• [EXERCISE DIRECTIONS]: Transcribe the entries below exactly, starting with the line that has "O imunizante do" and stopping after the line that has "أخبرنا تركان بن"; no pictures belong in the copy.

• [INFORMATION SHOWN]:
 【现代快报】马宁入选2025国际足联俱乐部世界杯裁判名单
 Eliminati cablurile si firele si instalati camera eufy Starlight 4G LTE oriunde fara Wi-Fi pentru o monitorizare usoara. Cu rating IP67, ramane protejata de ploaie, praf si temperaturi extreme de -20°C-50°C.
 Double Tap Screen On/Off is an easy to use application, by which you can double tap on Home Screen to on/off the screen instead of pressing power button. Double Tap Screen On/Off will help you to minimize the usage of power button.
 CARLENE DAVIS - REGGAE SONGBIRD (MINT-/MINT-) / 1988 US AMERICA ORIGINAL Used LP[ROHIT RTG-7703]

---

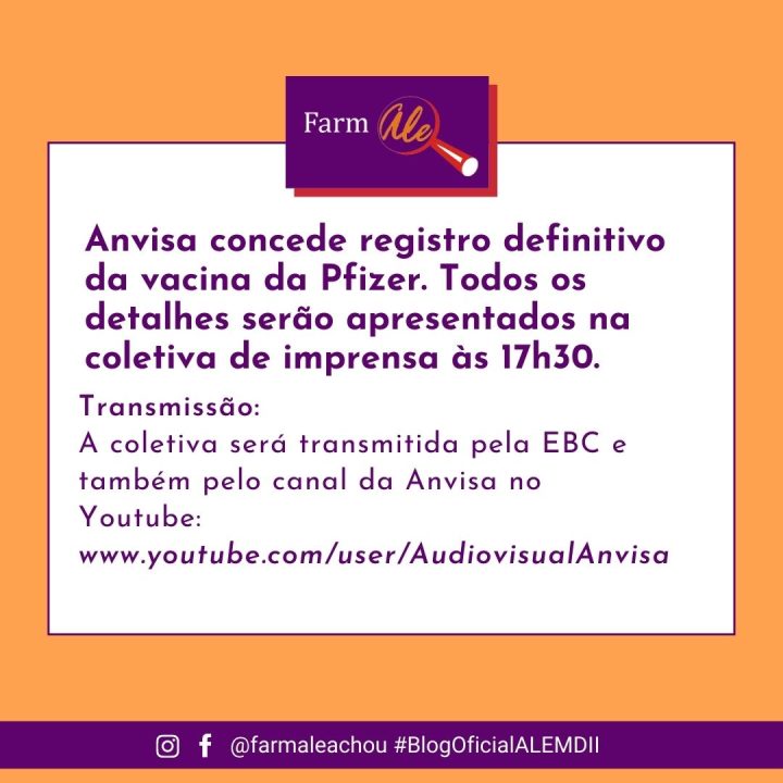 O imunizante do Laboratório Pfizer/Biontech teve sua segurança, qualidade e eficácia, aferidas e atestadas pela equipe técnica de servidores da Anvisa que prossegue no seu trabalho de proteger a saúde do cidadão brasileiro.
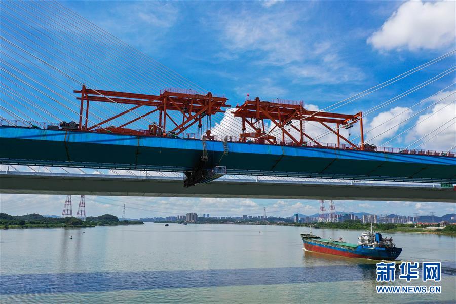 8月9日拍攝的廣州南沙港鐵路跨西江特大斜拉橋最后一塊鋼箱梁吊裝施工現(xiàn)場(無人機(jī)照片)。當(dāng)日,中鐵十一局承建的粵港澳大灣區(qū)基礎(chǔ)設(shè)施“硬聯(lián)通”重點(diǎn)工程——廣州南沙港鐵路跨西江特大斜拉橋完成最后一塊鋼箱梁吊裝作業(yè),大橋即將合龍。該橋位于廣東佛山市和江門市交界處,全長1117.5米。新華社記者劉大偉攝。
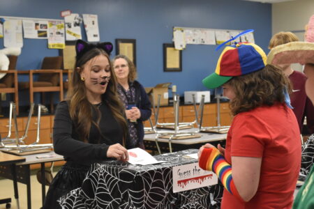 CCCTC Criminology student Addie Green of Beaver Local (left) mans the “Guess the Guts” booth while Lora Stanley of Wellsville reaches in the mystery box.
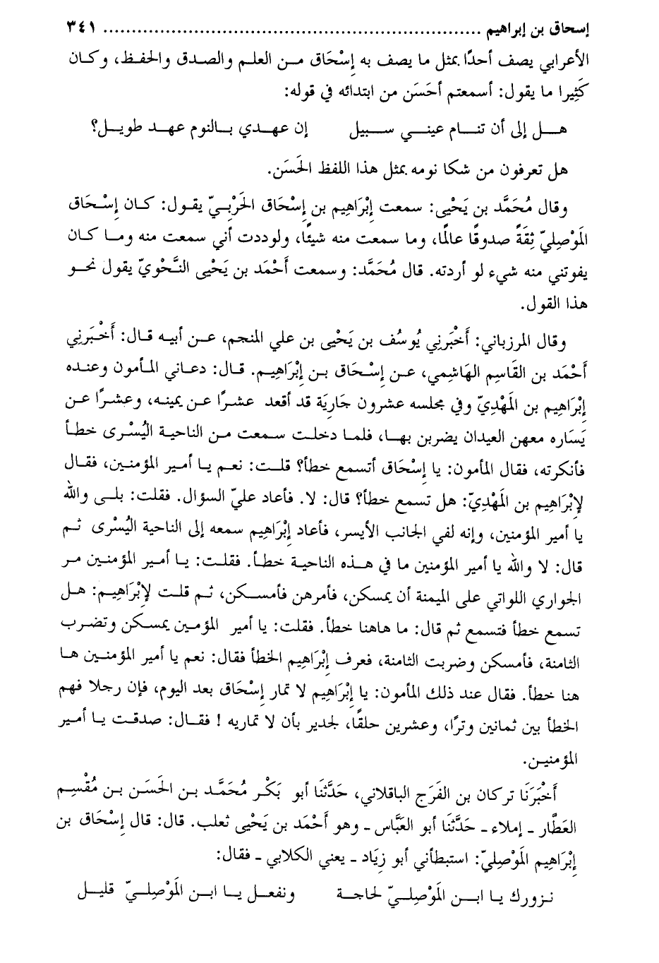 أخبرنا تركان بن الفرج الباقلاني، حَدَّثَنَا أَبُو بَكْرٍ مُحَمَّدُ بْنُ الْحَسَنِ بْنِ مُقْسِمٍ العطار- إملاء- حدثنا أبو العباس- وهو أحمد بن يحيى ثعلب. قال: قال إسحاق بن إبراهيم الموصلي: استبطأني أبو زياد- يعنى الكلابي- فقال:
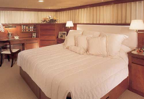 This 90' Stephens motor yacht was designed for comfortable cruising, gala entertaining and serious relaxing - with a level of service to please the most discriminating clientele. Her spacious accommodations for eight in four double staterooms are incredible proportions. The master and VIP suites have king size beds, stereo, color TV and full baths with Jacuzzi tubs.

==

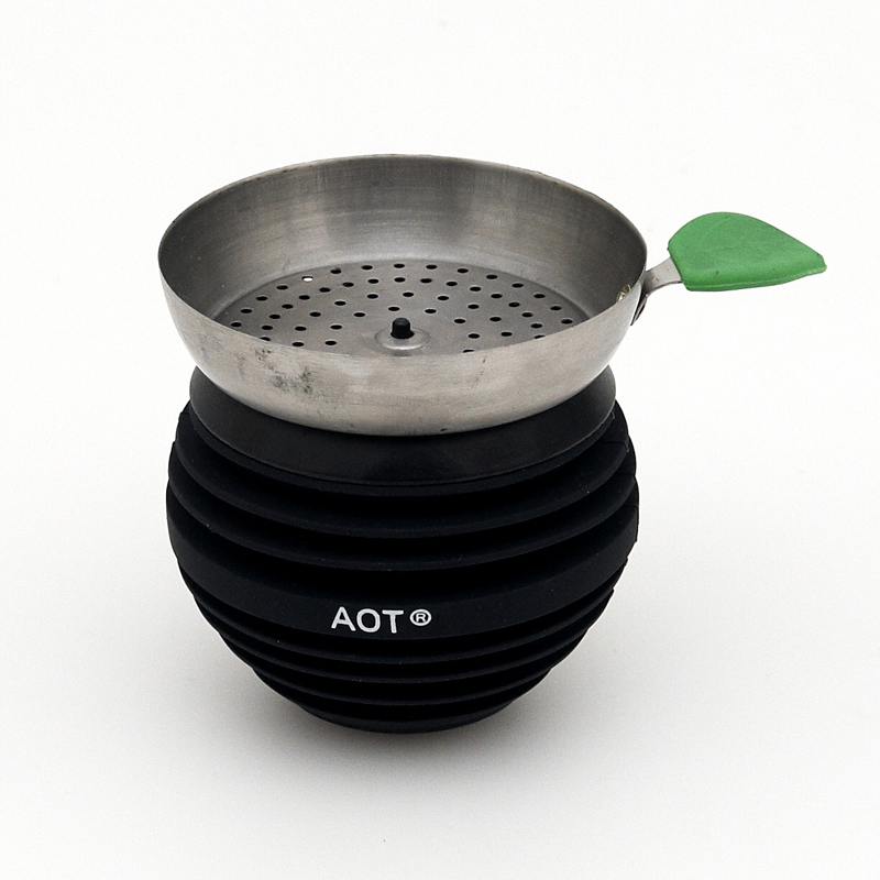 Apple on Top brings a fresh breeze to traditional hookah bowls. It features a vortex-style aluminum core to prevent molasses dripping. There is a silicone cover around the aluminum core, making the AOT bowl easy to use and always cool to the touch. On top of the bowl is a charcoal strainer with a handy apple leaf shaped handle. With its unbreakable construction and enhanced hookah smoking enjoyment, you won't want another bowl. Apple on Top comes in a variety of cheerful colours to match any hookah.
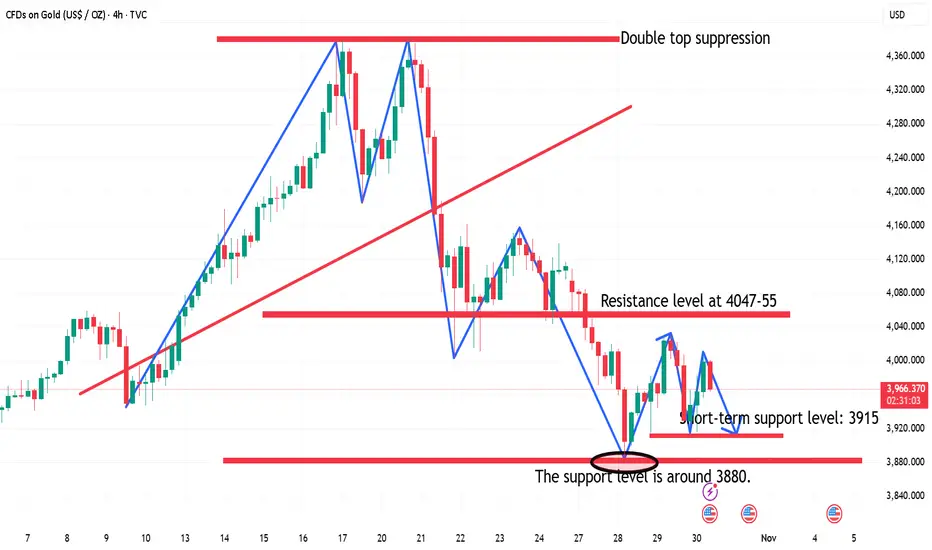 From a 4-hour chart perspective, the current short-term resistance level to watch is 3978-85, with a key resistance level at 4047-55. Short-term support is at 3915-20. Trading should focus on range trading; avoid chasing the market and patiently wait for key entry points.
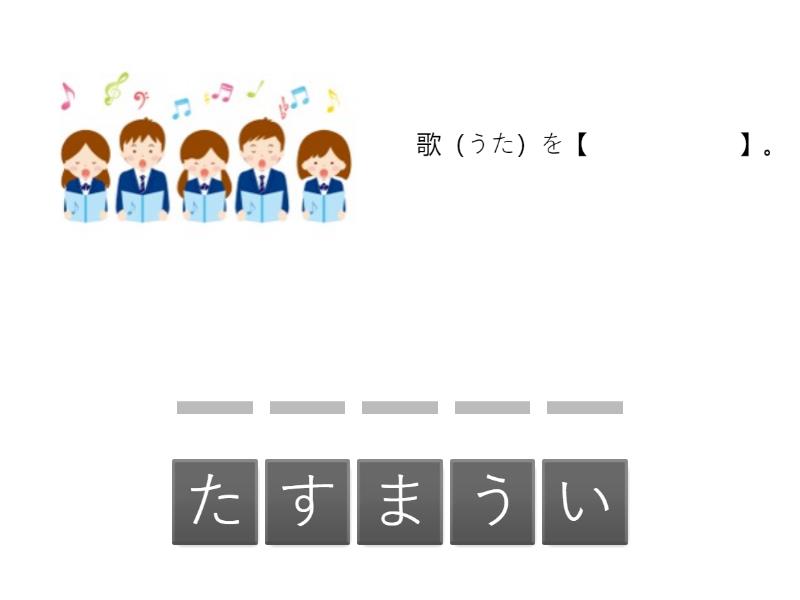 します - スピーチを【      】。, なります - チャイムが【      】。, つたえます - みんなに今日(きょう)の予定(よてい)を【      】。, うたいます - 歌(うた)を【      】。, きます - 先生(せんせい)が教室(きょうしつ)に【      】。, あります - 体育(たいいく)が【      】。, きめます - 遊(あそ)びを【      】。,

• [ANSWER SECTION]:
 O imunizante do Laboratório Pfizer/Biontech teve sua segurança, qualidade e eficácia, aferidas e atestadas pela equipe técnica de servidores da Anvisa que prossegue no seu trabalho de proteger a saúde do cidadão brasileiro.
 8月9日拍攝的廣州南沙港鐵路跨西江特大斜拉橋最后一塊鋼箱梁吊裝施工現(xiàn)場(無人機(jī)照片)。當(dāng)日,中鐵十一局承建的粵港澳大灣區(qū)基礎(chǔ)設(shè)施“硬聯(lián)通”重點(diǎn)工程——廣州南沙港鐵路跨西江特大斜拉橋完成最后一塊鋼箱梁吊裝作業(yè),大橋即將合龍。該橋位于廣東佛山市和江門市交界處,全長1117.5米。新華社記者劉大偉攝。
 CCCTC Criminology student Addie Green of Beaver Local (left) mans the “Guess the Guts” booth while Lora Stanley of Wellsville reaches in the mystery box.
 أخبرنا تركان بن الفرج الباقلاني، حَدَّثَنَا أَبُو بَكْرٍ مُحَمَّدُ بْنُ الْحَسَنِ بْنِ مُقْسِمٍ العطار- إملاء- حدثنا أبو العباس- وهو أحمد بن يحيى ثعلب. قال: قال إسحاق بن إبراهيم الموصلي: استبطأني أبو زياد- يعنى الكلابي- فقال:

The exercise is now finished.